1. This will take 3 modifiers; that can't be helped. So, there will be AA, BB and CC. AA is the left Alt, BB is the Win key, and CC is the left Ctrl.
2. There will be two versions of the keyboard. That can't be helped. One is "Primary Latin" and one is "Primary Cyrillic".
3. The unshifted ("base") keys, and keys using just Shift, are the "primary" keys. For Primary Latin, those are just the normal QWERTY keys of a U.S. keyboard. For Primary Cyrillic, they are a set of keys I decided upon that look "sort of" QWERTY-like; on the "Q" row they are Ю Ш Е Я Т У Ц І О Р.
4. For the non-primary ("other") alphabet, they will be on the CL and CU keys. So, for Primary Latin, the secondary Cyrillic "base" keys are on CL and CU, and vice versa.

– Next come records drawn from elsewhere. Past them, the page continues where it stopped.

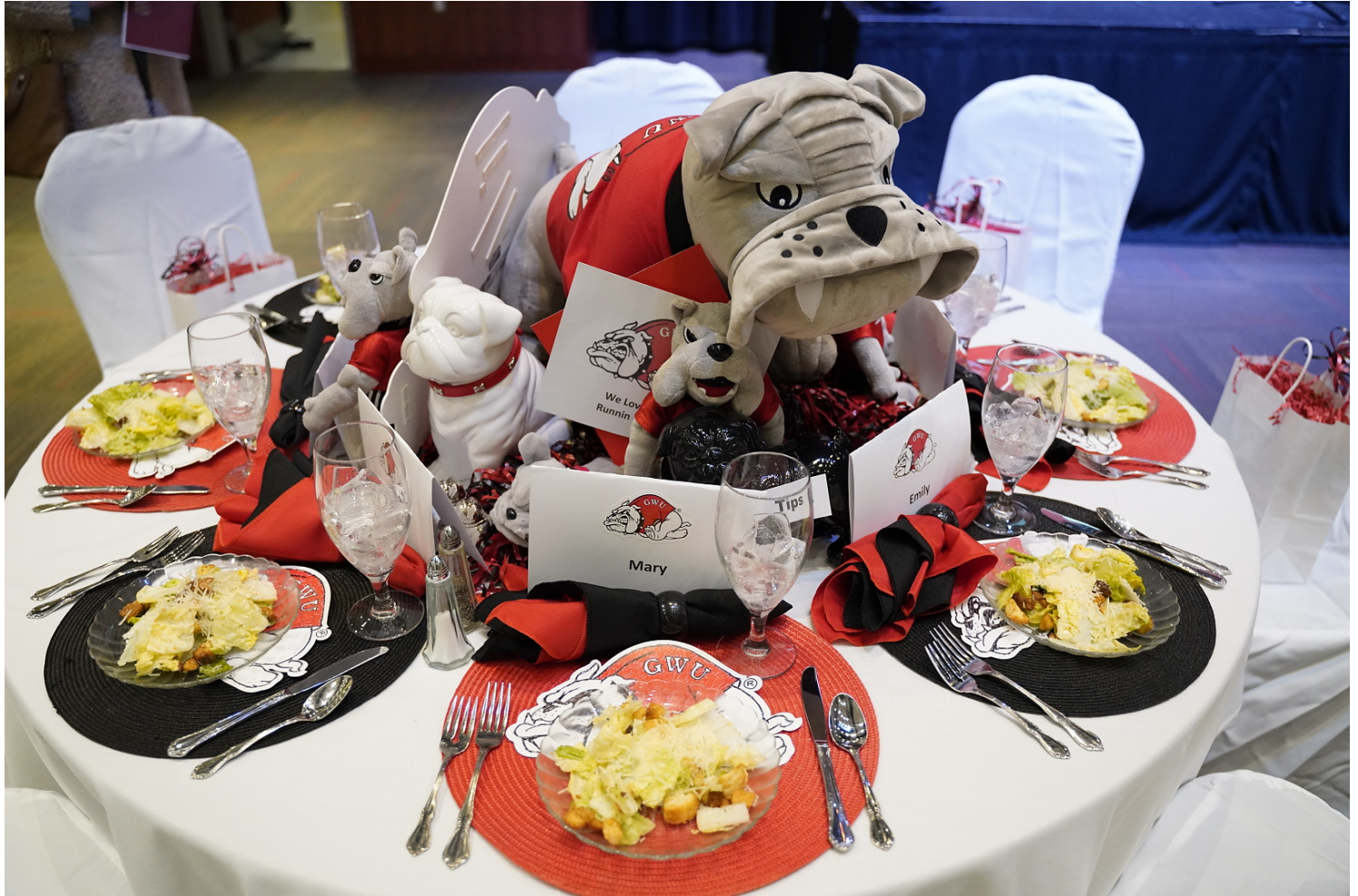
The 3rd Annual Parade of Tables: Benefitting the Little Bulldog Backpack Program

BOILING SPRINGS, N.C. – The Little Bulldog Backpack Program will be hosting the fourth annual Parade of Tables on Saturday, Feb. 8, 2020, at 6 p.m. in the Tucker Student Center at Gardner-Webb University.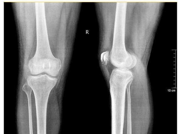
Fig 3. AP and lateral radiographs depicting the repair of patella to the patellar ligament with anchors

Two patients underwent excision of the comminuted inferior pole followed by repair of the extensor mechanism using Fast Fix Anchors (Smith-Nephew)-3.5mm titanium anchors (Fig 3).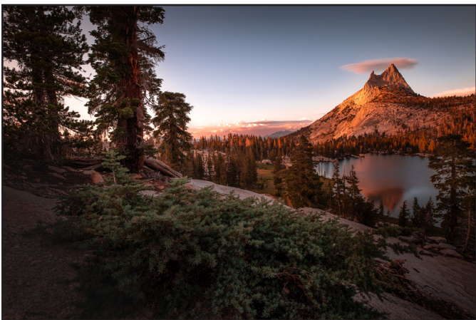
“Upper Cathedral Lake at Sunset” by Matt Estrada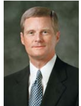
By Elder David A. Bednar Of the Quorum of the Twelve Apostles

I believe many of us unknowingly accept a faulty assumption about the Lord’s pattern. And this faulty assumption then produces erroneous expectations about how we receive spiritual knowledge. And that faulty assumption and our misinformed expectations ultimately hinder our ability to recognize and respond to the promptings of the Holy Ghost. Let me suggest that many of us typically assume we will receive an answer or a prompting to our earnest prayers and pleadings. And we also frequently expect that such an answer or a prompting will come immediately and all at once . Thus, we tend to believe the Lord will give us A BIG ANSWER QUICKLY AND ALL AT ONE TIME . However, the pattern repeatedly described in the scriptures suggests we receive “line upon line, precept upon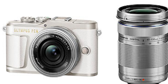
Olympus PEN E-PL9 EZ Double Zoom Kit Body (White) + M.Zuiko Digital ED 14-42mm F3.5-5.6 EZ + M.Zuiko Digital ED 40-150mm F4.0-5.6 R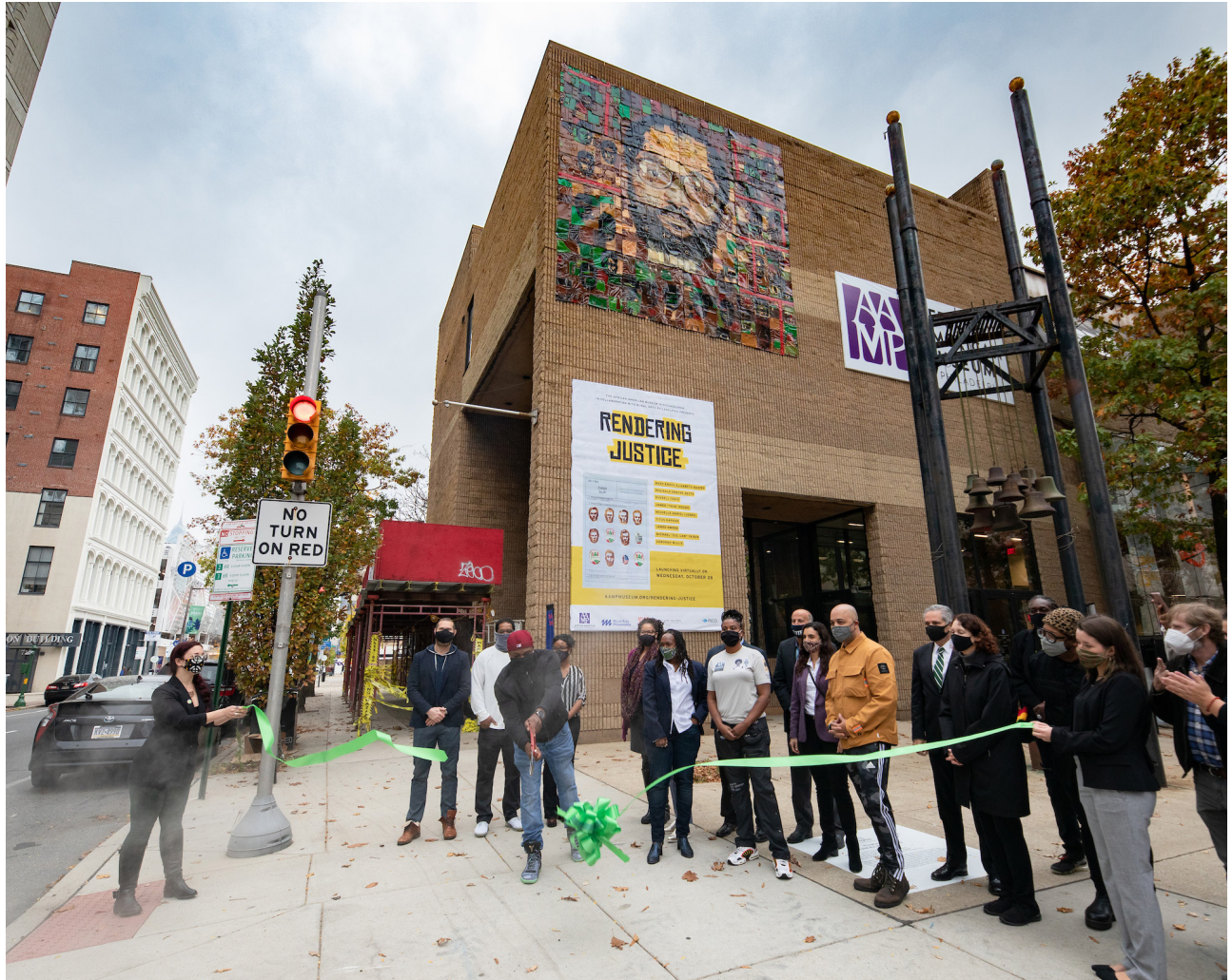
Prophesied dedication, and Rendering Justice opening event the African American Museum in Philadelphia, 701 Arch Street, October 28, 2020.

5. Because Cyrillic *needs* more letters (as compared to Latin, for which it's merely 'handy' to have more), the contents of the keys on AA and BB won't be identical in the two versions. Otherwise, I'd have to give up some "live" keys I especially need for Cyrillic in order to "cram" the two versions together into one, and that's just too high a price to pay.
6. The result of all this is that when you are typing the "other" alphabet, you get that alphabet's "main" keys as Live Keys, but anything else has to be accessed via Dead Keys. That's the breaks; I can't do it any other way.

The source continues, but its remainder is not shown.